The name is derived from the parish church, dedicated to St Patrick, and the Fleming family, the local landowners who resided at Redhall. The medieval parish church was given to Gisborough Priory in Cleveland by Robert de Brus, Lord of Annandale, around 1170, though this connection lapsed after 1330. The present church dates to the 18th century and is protected as a category B listed building.

==Railways==
The village was served by Kirkpatrick railway station on the old Caledonian Railway main line from 1847 to 1960. Today, the line is part of the West Coast Main Line.

==Bruce's Cave==

Bruce's Cave, which boasts a cave allegedly used by King Robert the Bruce.

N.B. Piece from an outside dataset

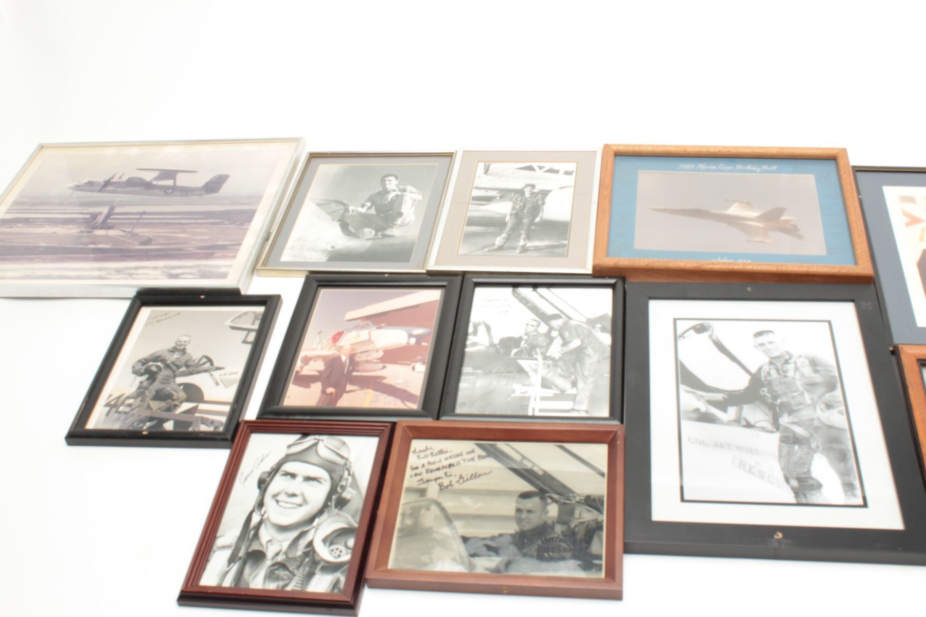 Lot of 14 jet era aviation framed photos, many signed by pilot like Col. Reto Sayer, “Ozzie” Oseguera, Tony LeVier, Lt. Chrystal A. Lewis, Ed Heinemann, Bob Gillon, Jerry Johnson and Major H.T. Bailey. From theBill Bettis Nieuport 17 Restaurant collection. Est.: $200-$400.

Here the fleeing king is supposed to have watched a spider swinging from one side of the cave to the other, which gave rise to the saying "if at first you don't succeed, try, try, try again".

==Books==
Due to a legacy left to the parish by a former resident, Ann Hill, the archaeology and history of Kirkpatrick Fleming have been studied in two volumes both published by the Dumfriesshire and Galloway Natural History and Antiquarian Society:
- Roger Mercer and others, Kirkpatrick Fleming Dumfriesshire: an Anatomy of a Parish in South West Scotland, 1997
- Duncan and Sheila Adamson, Kirkpatrick Fleming: On the Borders of History, 2011

==Sport==
KP is a virtual football club from the village.

==Notable people==
Fleming is the birthplace of inventor Andrew Smith circa 1798, Andrew Smith is the Father of inventor Andrew Smith Hallidie, who is recognised as being a leading light in the inventing of the wire cable system used by the San Francisco Cable Cars.